Ferril, tentu saja meneruskan titah Fadli. Lelaki itu belajar banyak dan mulai mengambil alih kekuasaan Fadli yang mendominasi. Disamping itu, ia melakukan jual-beli saham dan properti dari tabungannya selama kuliah. Hasilnya? Semuanya diberikan pada Bundanya. Katanya, biar Bunda saja yang simpan. Mau digunakan Bundanya sampai habis pun tak apa. Iya lah, semuanya juga dikasih sama Ferril kalau Bunda yang minta. Urusan rejeki kan bisa dicari lagi. Dan lagi, Ferril percaya kok, justru dengan ia memberikan semuanya pada Bunda menjadi investasi dunia-akhirat yang tak ternilai harganya. Alih-alih miskin, ia malah semakin kaya. Dan lagi Bunda juga tak menggunakannya. Selain karena mendapat dari suaminya, tentu saja ia lebih memilih untuk menyimpan uang itu untuk masa depan Ferril dan cucu-cucunya nanti dari anak sablengnya itu.
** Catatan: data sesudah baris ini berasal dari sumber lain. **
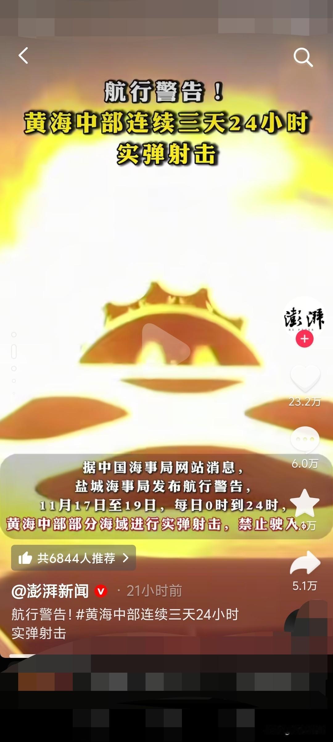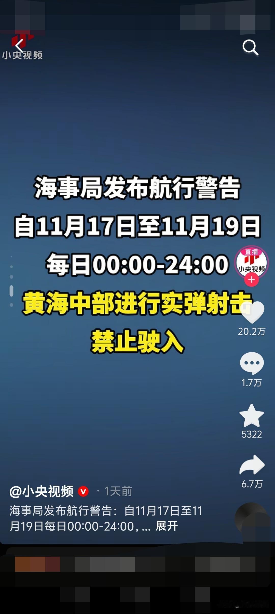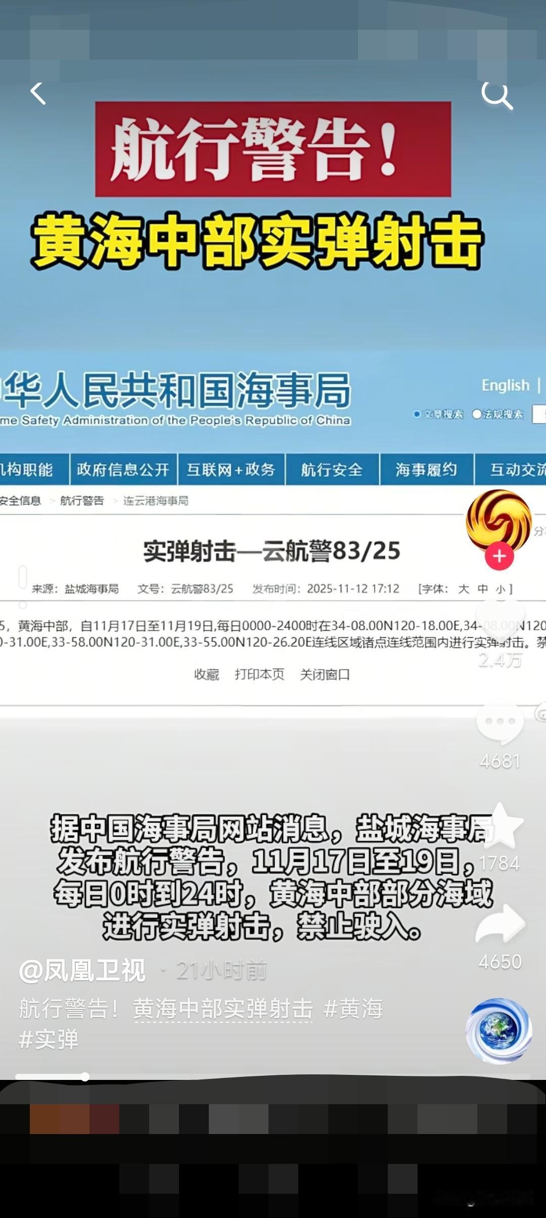 记住这不是演习,记住这不是演习,黄海实弹射击,这不是演习,是严厉警告,严厉警告。 11月15号,中国海事部门发布了航行警告,黄海中部海域从17号开始将进行连续三天的实弹射击,时间从每天0时起到24时停止,全天不间断的演习。和以前的演习不一样的是,这一次公告里面没有出现过军事演习或者演练等这些的字眼,就用了实弹射击这四个字就直接定性了,都不用修饰的。 而这一次划定的区域就位于黄海的中部,靠近中韩的专属经济区的重叠水域,地理位置可以说是非常的敏感了。它不直接的靠近我们国家土地的核心区域,但是正好在西太平洋地缘格局的关键节点上上面,刚好距离日本九州岛就差数百公里,对驻在日本的美军部分前沿的部署构成了战略投影。突然发现,这个发布的时间,又刚好与日本政客高市早苗在涉台问题上的持续发表错误言论同步? 高市早苗最近一直在说,台湾有事就是日本有事,甚至都在暗示日本可能介入台海局势,严重的违背了一个中国原则,也间接的突破了中日关系的政治底线。中方已经明确的表达强烈不满和严正交涉。而这一次的实弹射击的突然宣布,虽然没有说是谁,但是已经很清楚了,有些话还是不能乱讲,有些红线也不能乱踩的。 但是这一次有点特殊的是,并没有公布具体的坐标范围,也没有说明参演的兵力和武器的类型,信息很模糊。但也正好是这种看透不说透的方法,反而让外界那些国家感到了更大的压力。一想到要连续72个小时的不间断实弹射击,不仅要对装备和人员的战备水平的考验,也更是一种高强度和高密度的战略姿态释放。 这已经不是一次普通的训练了,而是一次有明确目的,有清晰意图的军事上的示警。 军事行动从来都不只是军事本身。在敏感的时候加上敏感的海域,直接最直接的方式告诉他们,我们就是一种语言。 以前像这样的活动我们通常都会解释这是一场演习演练,都会给其他国家留有一点余地,也会给别人一点的解读空间。但是这一次,连演都不用说了,直接用实弹射击四个字。这就像是一场谈话,对方不停的插话和挑衅,你不用再解释了,直接把东西放在桌上,动作就这么的简单,反正意思就是那个意思,自己体会。 高市早苗说的话并不是孤立的事件,而是最近几年来部分日本政客都在试图的借台海的问题来提升自己的存在感,来迎其他国家势力的表现。他们恐怕都会以为中国只会口头上的抗议,根本不会采取什么实质性回应。但结果就是,中国的反制就是,我不想说,我想直接做。 就在上个月,中国海军舰艇编队穿越了大隅海峡,由东海进入了太平洋,航线已经紧贴日本的本土了,引发了日方紧急的跟踪监视。到现在,黄海的实弹射击直接告诉了他的答案,现在的情况就是,我们第一次是机动的展示,然后就是火力上威慑;一次是你看到我来了,然后告诉你我已经准备好了,你呢? 这种方式的回答,又能避免局势的骤然升级,还能持续的传递到压力,体现出了我们在处理复杂的外部挑战时候的策略,我们虽然不轻易动武,但是绝对不能来挑衅。 台湾是中国的一部分,这已经不是外交立场了,而是刻在了我们民族记忆里的共识。任何的外部势力妄图插手台海事务,都是在挑战我们最核心的利益。 虽然我们始终主张以和平的方式来解决争端,也很愿意以最大诚意来推动两岸关系的发展。但是,和平的前提是尊重,不是纵容。如果有人一边享受着对华经贸合作带来的红利,又一边在政治上不断捅我们刀子,甚至为台独势力撑腰打气,那就不能指望中国永远克制了。 实弹射击不是为了开战,而是为了止战。它的真正目的,是让那些头脑发热的人冷静下来:你可以发表自己观点,但要为自己的话负责;你也可以表明自己的立场,但也别低估了一个国家捍卫主权的决心。 我们不愿意打,但是不怕打。我们坚持走和平发展的道路,但我们也没有承诺过要放弃使用武力的打算,和平需要用实力来守护,尊严需要用行动来证明。 三天的实弹射击虽然会结束,航警解除,海面会恢复平静。但是它的声音,不会就这么轻易散去的。 中国没有扩大事情,也没有情绪化的对抗,而是选择了在一个刚好的时间和一个刚好的地点,用一种刚刚好的方式表达了自己的态度。 我们的大门一直是开着的,但是前提是我们都是尊重对方。如果非要一意孤行,一直在试探,那么我们下一次的回答,或许就已经不是警告了,而是真正实在的行动了。 这一次,黄海没有演习。 有的,只是实弹。 而实弹,从不演习。

Kalau Farrel? Masih membiarkan Papanya sibuk sendiri di rumah sakit. Hihihi! Walau yah, kadang Farrel suka datang ke rumah sakit hanya untuk belajar. Sisanya, ia habiskan untuk membuka bisnis baru bahkan beberapa bulan lalu, ia resmi merilis aplikasi pelayanan rumah sakit yang sekaligus dinobatkan sebagai founder dan menjadi CEO-nya. Hingga beritanya lumayan gaduh. Kini nama Farrel cukup terkenal di ibukota. Karena selain jadi CEO muda, ia juga sukses menjadi motivator bisnis. Ditambah usaha martabak gantengnya yang kini sudah merambah hingga ke luar negeri. Sudah sampai di beberapa kota di Inggris, Turki dan beberapa negara di Asia Tenggara. Hanya satu yang kurang nih dari Farrel. Apa? Jodohnya! Hihihi. Kalau persoalan jodoh ini sih, tak perlu ditanya lah ya. Bunda saja capek karena terus bertanya tapi tak ada jawabannya pula. Jadi biar kan waktu yang menjawab. Hihihi.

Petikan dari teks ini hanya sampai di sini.